S’appuyant sur un tour d’horizon synthétique des défis transverses du monde contemporains, le présent papier s’interroge sur le rôle et l’action des organisations multinationale face aux bouleversements affectant l’ordre international. Plusieurs scenarii génériques sont développés, permettant de brosser des perspectives d’évolution de cet ordre international. Le papier envisage ensuite comment la France peut se préparer pour faire face à un ordre mondial qui se situera vraisemblablement à la croisée des différents scenarii proposés.
Les opinions exprimées dans cet article n'engagent pas le CNAM.
Les références originales de cet article sont Gérard Dugard, « Les organisations multinationales dans un nouvel ordre mondial », 3AED-IHEDN – Entretiens Armement et Souveraineté, rapport 2025 « Des armements pour un monde nouveau » Ce texte, ainsi que d’autres publications, peuvent être consultés sur le site de 3AED-IHEDN.
Au cours des siècles, l’ambition d’établir un ordre international, destiné à garantir la paix ou, a minima, à annihiler la guerre, s’est traduite dans divers traités, conventions, « droits » et organisations : Société des Nations (SDN), Organisations des Nations unies (ONU), justice internationale…). Avec l’émergence de nouvelles puissances, une multitude d’organisations se sont créées, dont le champ d’action repose sur différents domaines. Elles sont le plus souvent de nature intergouvernementale, avec une structure légère. Celles fondées sur des traités engageants, comportant des institutions permanentes, en partie supranationales, et une structure de défense, sont peu nombreuses : l’Alliance atlantique et l’Otan, l’Union européenne, l’Union africaine, l’Organisation du traité de sécurité collective.
En 2016, un groupe de réflexion de l’association des auditeurs du Centre des hautes études de l’armement (AACHEAr) concluait : « Un monde de plus en plus chaotique rend la régulation à la fois plus nécessaire et plus difficile ». Des événements qui se sont produits depuis, notamment dans l’actualité récente, l’ont confirmé.
Les défis
Les principaux défis auxquels le monde est confronté relèvent d’organisations internationales pour une réponse collective.
Un grand nombre de traités ou de convention visent la maîtrise des armements, supervisés par des organismes spécifiques. Leur avenir est très incertain. Tous les Etats ne les ont pas signés ou ratifiés. D’autres sont en discussion. Après une période de stabilité à la fin du siècle dernier (les dividendes de la paix), les dépenses militaires ont pratiquement doublé pour l’ensemble du monde, dépassant les deux mille milliards de dollars.
Le monde entier est conscient que la maitrise du changement climatique est un défi pour l’humanité.
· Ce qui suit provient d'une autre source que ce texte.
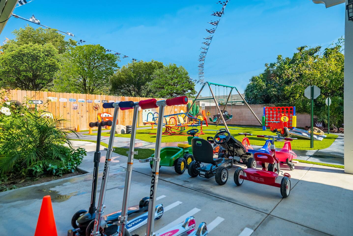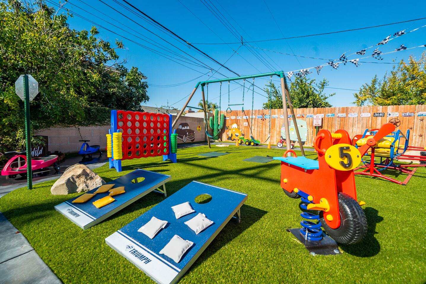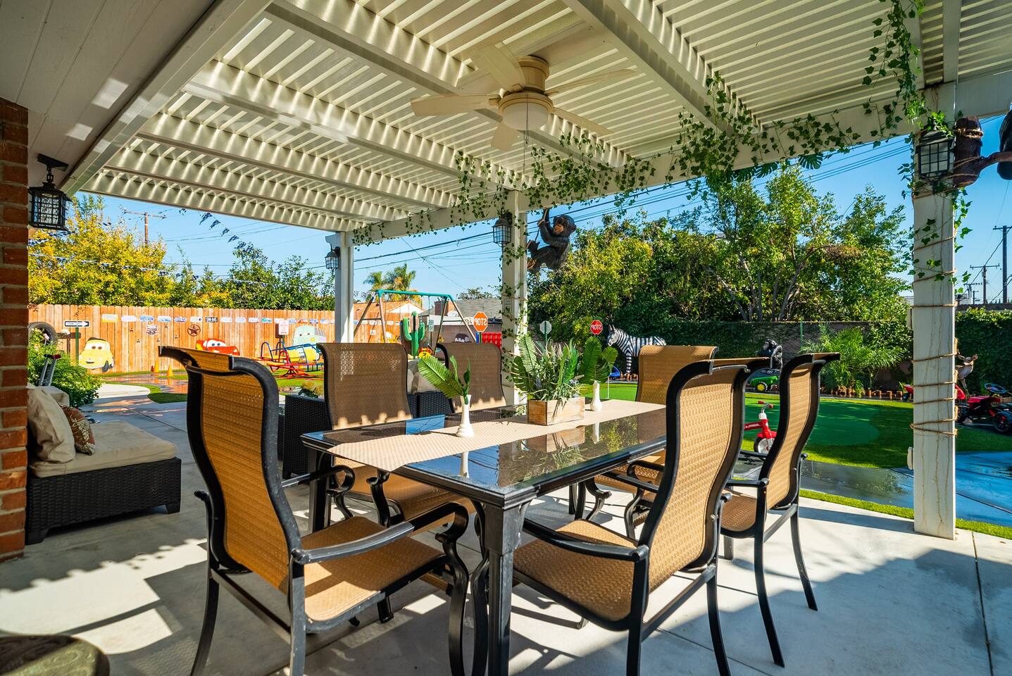 🌴 Welcome to the Ultimate Adventureland Escape! 🗺️✨ Step into a world of discovery, mystery, and tropical magic at this one-of-a-kind themed home—just minutes from Disneyland! 🏰 From Jungle Cruise vibes in the living room to Indiana Jones thrills and Enchanted Tiki Room charm in the bedrooms, this immersive 3BR, 2Bath retreat invites you on a journey through Adventureland—without ever leaving home. 🐒🌿 With a jungle-themed arcade, life-sized animal statues, mini-golf, and a brand-new ping pong table in the lush backyard, the fun never stops. And don’t miss the signature Adventure Scavenger Hunt! 🌺🔍 Follow clues hidden throughout the house and grounds to unlock surprises the whole family will love. ★ LIVING ROOM – JUNGLE CRUISE LOUNGE ★ 🛋️🌴 Anchors aweigh! Kick back and relax in your own Jungle Cruise-inspired hideaway. Whether you’re streaming a movie, sharing stories from the day, or enjoying the two luxurious massage chairs, this living room is designed for deep relaxation and lighthearted fun. ✔️ Plush L-Shaped Sofa with tropical throw pillows ✔️ 2 Zero-Gravity Massage Chairs 📺 Smart TV with Disney+, Netflix, Hulu, HBO & more 🎮 Xbox Console + Family Board Games 🌿 Adventureland Decor + Direct Backyard Access ★ KITCHEN & DINING – THE SKIPPER’S GALLEY ★ 🍽️🚤 Fuel your adventure in this fully stocked kitchen, equipped with modern appliances and everything you need to whip up family feasts or quick snacks. ✔️ Microwave, Stove, Oven, Fridge/Freezer ✔️ Coffee Maker, Hot Water Kettle, Toaster, Blender ✔️ Full Cookware, Dishware & Utensils ☕ Complimentary Coffee, Tea, Cereal & Snacks 🍴 Dining Table seats 6 + Bar seating for 4 ★ ADVENTURELAND SLEEPING QUARTERS – 3 THEMED BEDROOMS ★ 🛏️🌺 🛏️ Indiana Jones Master Suite ✔️ King-Size Bed ✔️ Private Ensuite Bathroom ✔️ 4K Smart TV ✔️ Explorer-Inspired Decor & Storage 🛏️ Tiki Room Tranquility ✔️ King-Size Bed ✔️ Enchanted Tiki Room Art & Accessories ✔️ Spacious Closet & Dresser ✔️ 4K Smart TV 🛏️ Jungle Bunk House ✔️ 1 Triple Bunk Bed (Twin/Twin/Queen) ✔️ 1 Double Bunk Bed (Twin/Twin w/ Trundle) ✔️ Designed for kids or adventurous adults ✔️ Tropical Wall Murals & Jungle Decor ✔️ 4K Smart TV 🛌 Premium Sheets, Pillows & Nightstands throughout ★ BATHROOMS – WASH UP IN EXPLORER STYLE ★ 🚿🧴 Freshen up in two beautifully appointed bathrooms, complete with thoughtful touches to help you recharge before your next expedition. ✔️ Master Ensuite: Walk-In Shower + Double Vanity ✔️ Shared Bath: Bathtub/Shower Combo ✔️ Hair Dryers, Towels & Toiletries Provided ★ GAME ROOM – JUNGLE ARCADE ★ 🎮🦧 Escape into the jungle-themed arcade, decked out with hanging vines, neon lighting, and all the classics—all set to FREE PLAY! ✔️ Multiple Classic Arcade Machines ✔️ Jungle Decor & Gaming Vibes Galore ★ BACKYARD – YOUR PRIVATE ADVENTURE PARK ★ 🌳🏌️♀️ This lush outdoor space is part safari, part mini theme park! Play a round of mini-golf, challenge your group to ping pong, or cruise through the jungle on scooters along the safari. ✔️ Mini-Golf Course ✔️ Ping Pong Table ✔️ Life-Sized Animal Statues ✔️ Playground & Lawn Games ✔️ Jungle Jeep Kids Ride 🔥 BBQ Grill + Outdoor Dining for 6 ★ ADVENTURELAND SCAVENGER HUNT ★ 📜✨ Discover hidden clues, solve puzzles, and unlock surprises in this fully interactive scavenger hunt experience designed for all ages. A guest favorite—and a memory-maker! This isn't just a home—it’s a one-of-a-kind Adventureland escape, crafted for memory-making, laughter, and storytelling. Whether you’re a family of explorers, a group of friends, or Disney-loving adventurers, you’ll find magic around every corner. 🌺🐘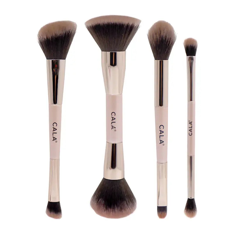 Golden Touch 4 pcs Makeup Brush Set in Collectors Tin. Offers a curated collection of essential brushes housed in a collectible pink metal tin. Designed for flawless application, each brush features ultra-soft bristles and a sleek, metallic finish. The set includes dedicated tools for contouring, buffing and powder application, blush and concealer placement, and precise eyeshadow blending and packing. Presented with a decorative pink bow and holiday charm, this set delivers both performance and gift-ready appeal—ideal for achieving seamless, professional-quality makeup looks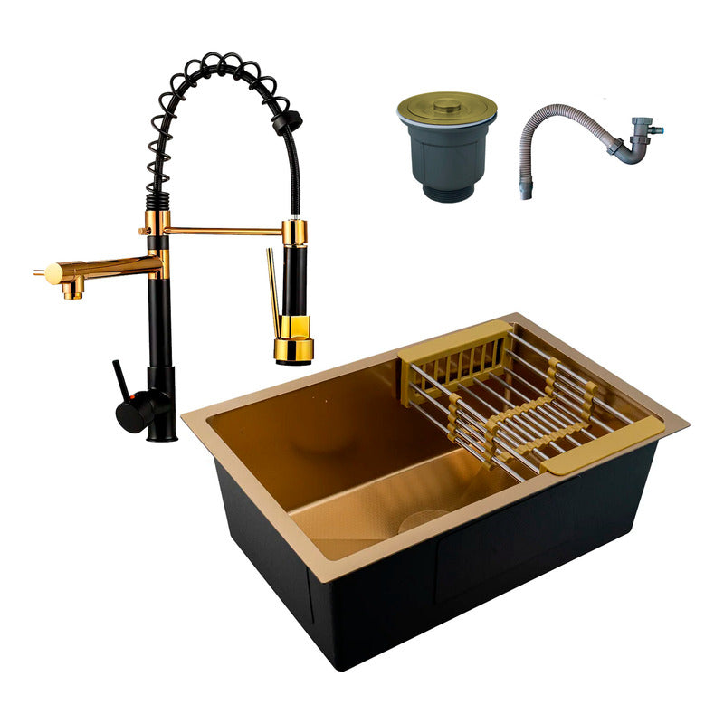 Combo Lavaplatos 70*45cm+griferia Lvp Gourmet Oro+accesorios

Les conférences des parties (COP) font face à une double incertitude sur le financement global et le respect par les Etats de leur engagement de contribution déterminée au niveau national (CDN).
D’ici 2050, la population mondiale va globalement augmenter de 1,5 milliards majoritairement en Afrique (pour 950 millions) ; ces évolutions démographies différenciées posent le problème des flux migratoires, source de trafics illicites. Leur régulation nécessiterait une organisation à un niveau international.
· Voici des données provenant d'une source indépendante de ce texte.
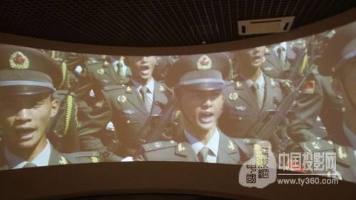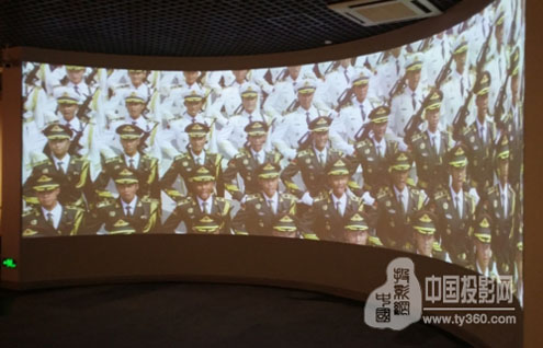 展項使用了3臺SEEMILE激光工程投影機PX700 7000流明 1024*768激光投影機進行7*2米弧形大屏融合,通過大屏融合軟件顯示一個完整的沉浸畫面,視頻播放的是九三大閱兵的場景,通過大屏幕看到中國軍人的雄糾糾氣昂昂的風(fēng)采,充分展現(xiàn)了中國人民解放軍的鋼鐵精神。(看到這小編也被激起男兒參軍報國的熱血哦)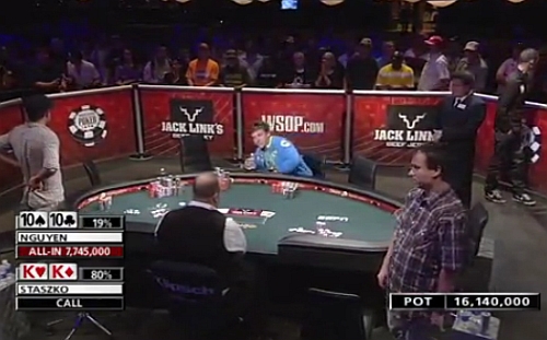 Martin Staszko už v tuto chvíli překonal všechny česko-slovenské rekordy vztahující se k Main Eventu WSOP. Dosáhl nejlepšího umístění i nejvyššího cashoutu. Překonat však může i Honzu Škampu v absolutní výši českého cashoutu. Škampa za vítězství na EPT Prague v prosinci 2009 inkasoval €682.000 (v přepočtu dle hendonmob $1.022.090). Staszko by tak v Main Eventu musel skončit nejhůře sedmý.16:06 - Blind Level

L’accès aux ressources détermine l’autonomie et les activités des États, voire leur existence. Elles sont également des instruments de puissance pour ceux qui les possèdent. Des organisations tentent de réguler les échanges : agence internationale de l’énergie (AIE) et agence internationale de l’énergie atomique (AIEA) pour l’énergie ; BRICS en concurrents de l’organisation des pays exportateurs de pétrole (OPEP) pour les hydrocarbures ; agence internationale des fonds marins (AIFM) pour les minéraux des fonds marins ; organisation pour l’alimentation et l’agriculture (FAO) et programme alimentaire mondial (PAM) pour les produits alimentaires ou halieutiques.
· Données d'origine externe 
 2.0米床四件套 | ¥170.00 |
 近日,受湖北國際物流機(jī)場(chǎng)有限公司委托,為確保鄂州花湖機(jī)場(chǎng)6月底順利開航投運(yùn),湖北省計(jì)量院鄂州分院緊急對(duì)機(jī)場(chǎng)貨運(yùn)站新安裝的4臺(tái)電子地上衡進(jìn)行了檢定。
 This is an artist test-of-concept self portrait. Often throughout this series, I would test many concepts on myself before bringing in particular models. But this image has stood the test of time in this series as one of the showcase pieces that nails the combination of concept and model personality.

Les opérations d’aide humanitaire et de secours sont coordonnées par le bureau pour des affaires humanitaires (OCHA) de l’ONU ; elles s’inscrivent dans un contexte de compétition croissante entre puissances, qui en tirent des bénéfices aussi bien militaires que politiques (influence).
Pour prévenir et combattre les futures pandémies, l’assemblée mondiale de la santé (AMS), a obtenu la signature d’un accord contraignant.
Dans les échanges financiers, le fonds monétaire international (FMI) et la banque mondiale (BM) sont concurrencés par la nouvelle banque de développement (NDB) des BRICS et des banques régionales.
Pour le commerce, en dépit de l’organisation mondiale du commerce (OMC), une tendance de fond et globale est une mondialisation désordonnée de l’économie, dans une concurrence exacerbée, et la montée du protectionnisme.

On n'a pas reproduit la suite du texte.